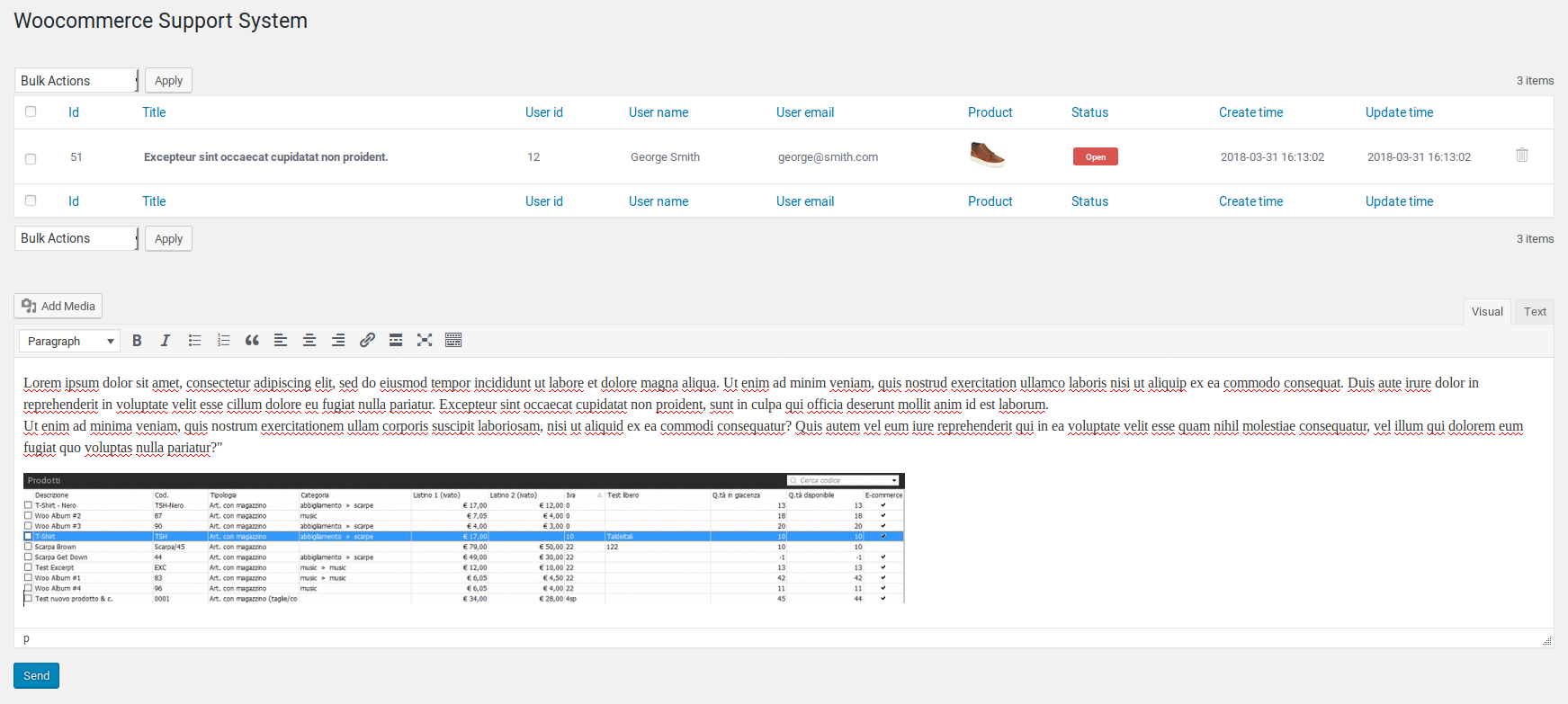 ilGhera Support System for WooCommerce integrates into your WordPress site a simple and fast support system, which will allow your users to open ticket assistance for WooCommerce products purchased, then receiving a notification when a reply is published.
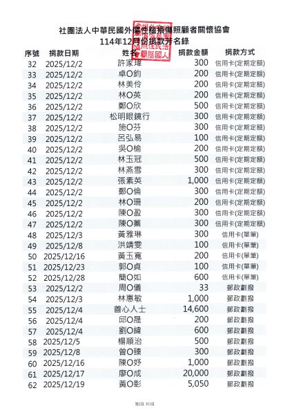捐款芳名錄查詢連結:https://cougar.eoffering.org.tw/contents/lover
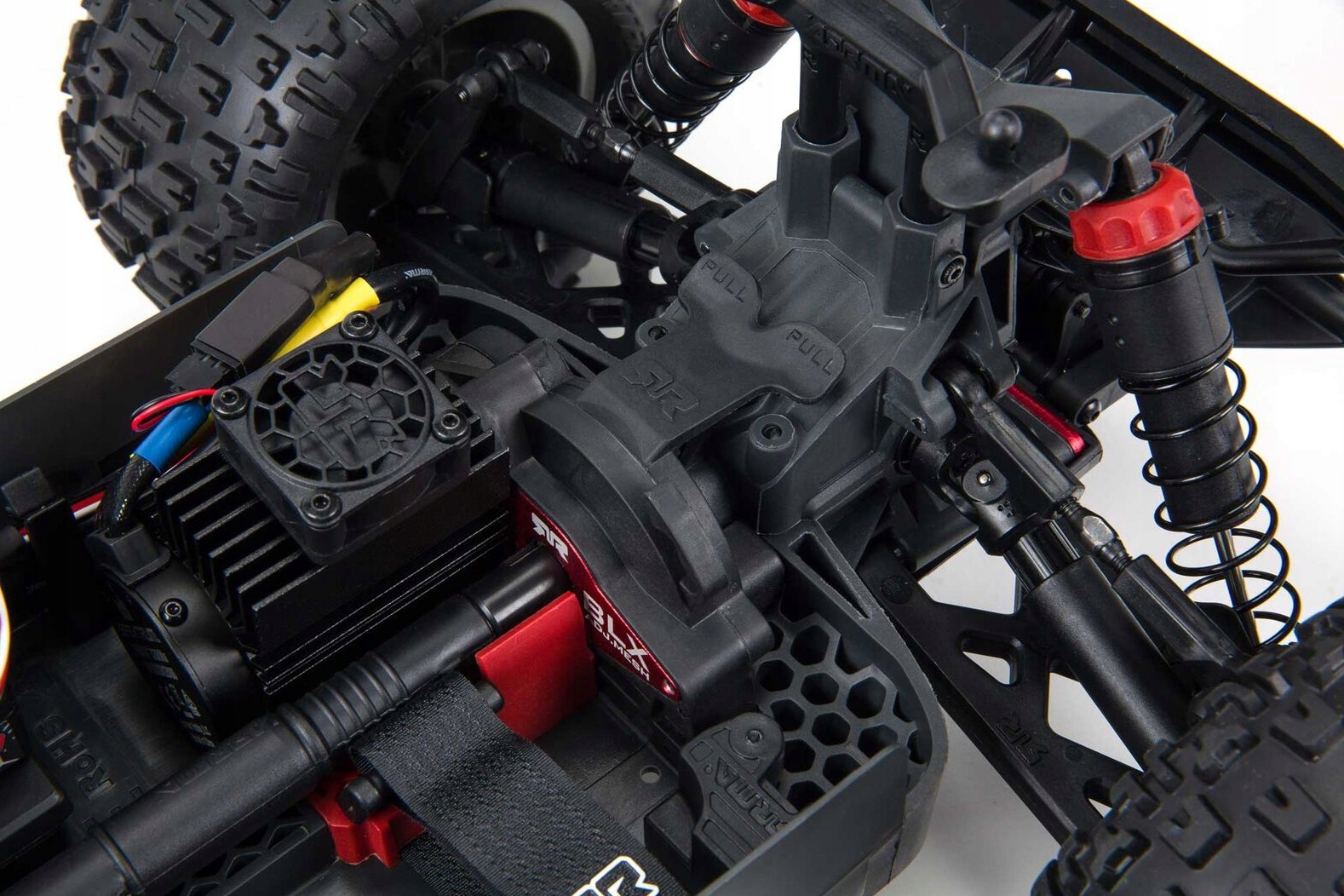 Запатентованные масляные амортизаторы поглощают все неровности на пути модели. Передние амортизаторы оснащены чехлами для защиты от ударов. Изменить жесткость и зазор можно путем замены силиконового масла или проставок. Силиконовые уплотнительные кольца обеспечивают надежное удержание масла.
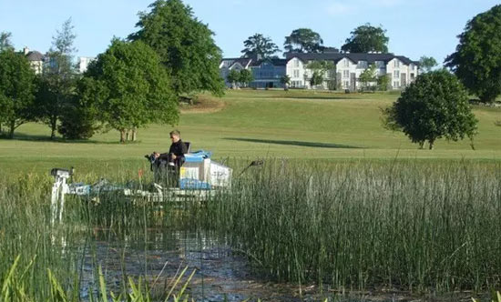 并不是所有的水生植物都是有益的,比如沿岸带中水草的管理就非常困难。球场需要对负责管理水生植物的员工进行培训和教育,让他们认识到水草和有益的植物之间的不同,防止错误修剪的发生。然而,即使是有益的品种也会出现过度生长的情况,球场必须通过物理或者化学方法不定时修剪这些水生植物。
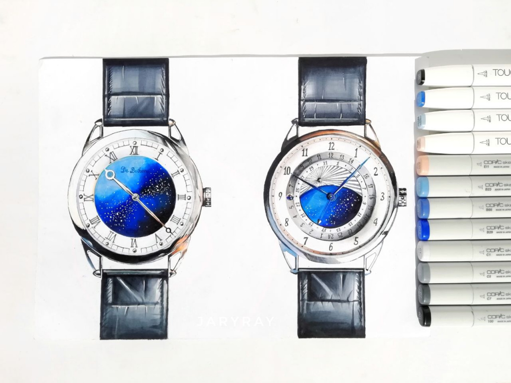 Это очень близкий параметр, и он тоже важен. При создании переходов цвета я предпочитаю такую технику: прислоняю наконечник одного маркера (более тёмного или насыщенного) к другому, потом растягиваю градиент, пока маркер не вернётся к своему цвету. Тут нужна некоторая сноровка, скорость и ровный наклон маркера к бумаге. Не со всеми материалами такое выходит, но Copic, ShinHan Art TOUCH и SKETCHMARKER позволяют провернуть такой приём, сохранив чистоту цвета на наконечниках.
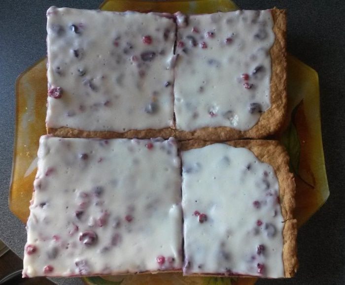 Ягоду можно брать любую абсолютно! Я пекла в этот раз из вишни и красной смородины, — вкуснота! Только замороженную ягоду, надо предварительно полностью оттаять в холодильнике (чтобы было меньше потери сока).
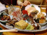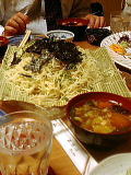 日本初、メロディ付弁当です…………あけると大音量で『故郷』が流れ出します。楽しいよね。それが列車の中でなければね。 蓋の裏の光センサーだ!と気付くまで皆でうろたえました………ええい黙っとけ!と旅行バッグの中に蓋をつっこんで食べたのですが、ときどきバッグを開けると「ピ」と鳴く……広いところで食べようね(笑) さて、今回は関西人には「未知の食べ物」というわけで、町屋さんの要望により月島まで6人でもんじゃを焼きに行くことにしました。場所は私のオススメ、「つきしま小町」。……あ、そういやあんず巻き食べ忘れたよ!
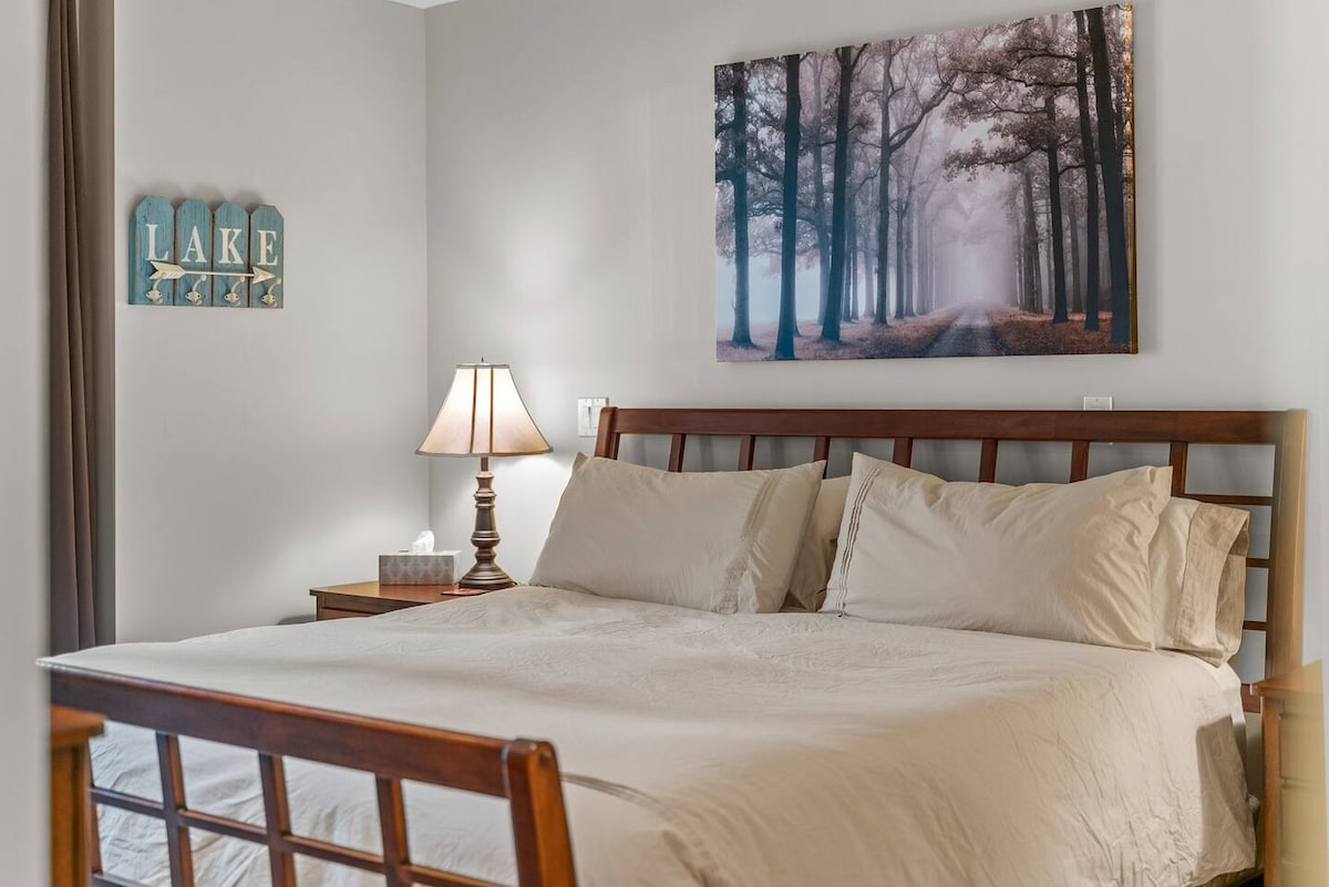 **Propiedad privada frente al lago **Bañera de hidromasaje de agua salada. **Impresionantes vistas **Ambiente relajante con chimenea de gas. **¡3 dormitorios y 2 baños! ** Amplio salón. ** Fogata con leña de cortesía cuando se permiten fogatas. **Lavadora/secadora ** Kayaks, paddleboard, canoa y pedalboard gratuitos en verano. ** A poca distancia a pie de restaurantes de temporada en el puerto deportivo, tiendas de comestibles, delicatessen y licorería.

........

What's needed is every line above, retyped exactly and free of pictures.

→ Solution for this task:
 ilGhera Support System for WooCommerce integrates into your WordPress site a simple and fast support system, which will allow your users to open ticket assistance for WooCommerce products purchased, then receiving a notification when a reply is published.
捐款芳名錄查詢連結:https://cougar.eoffering.org.tw/contents/lover
 Запатентованные масляные амортизаторы поглощают все неровности на пути модели. Передние амортизаторы оснащены чехлами для защиты от ударов. Изменить жесткость и зазор можно путем замены силиконового масла или проставок. Силиконовые уплотнительные кольца обеспечивают надежное удержание масла.
 并不是所有的水生植物都是有益的,比如沿岸带中水草的管理就非常困难。球场需要对负责管理水生植物的员工进行培训和教育,让他们认识到水草和有益的植物之间的不同,防止错误修剪的发生。然而,即使是有益的品种也会出现过度生长的情况,球场必须通过物理或者化学方法不定时修剪这些水生植物。
 Это очень близкий параметр, и он тоже важен. При создании переходов цвета я предпочитаю такую технику: прислоняю наконечник одного маркера (более тёмного или насыщенного) к другому, потом растягиваю градиент, пока маркер не вернётся к своему цвету. Тут нужна некоторая сноровка, скорость и ровный наклон маркера к бумаге. Не со всеми материалами такое выходит, но Copic, ShinHan Art TOUCH и SKETCHMARKER позволяют провернуть такой приём, сохранив чистоту цвета на наконечниках.
 Ягоду можно брать любую абсолютно! Я пекла в этот раз из вишни и красной смородины, — вкуснота! Только замороженную ягоду, надо предварительно полностью оттаять в холодильнике (чтобы было меньше потери сока).
 日本初、メロディ付弁当です…………あけると大音量で『故郷』が流れ出します。楽しいよね。それが列車の中でなければね。 蓋の裏の光センサーだ!と気付くまで皆でうろたえました………ええい黙っとけ!と旅行バッグの中に蓋をつっこんで食べたのですが、ときどきバッグを開けると「ピ」と鳴く……広いところで食べようね(笑) さて、今回は関西人には「未知の食べ物」というわけで、町屋さんの要望により月島まで6人でもんじゃを焼きに行くことにしました。場所は私のオススメ、「つきしま小町」。……あ、そういやあんず巻き食べ忘れたよ!
 **Propiedad privada frente al lago **Bañera de hidromasaje de agua salada. **Impresionantes vistas **Ambiente relajante con chimenea de gas. **¡3 dormitorios y 2 baños! ** Amplio salón. ** Fogata con leña de cortesía cuando se permiten fogatas. **Lavadora/secadora ** Kayaks, paddleboard, canoa y pedalboard gratuitos en verano. ** A poca distancia a pie de restaurantes de temporada en el puerto deportivo, tiendas de comestibles, delicatessen y licorería.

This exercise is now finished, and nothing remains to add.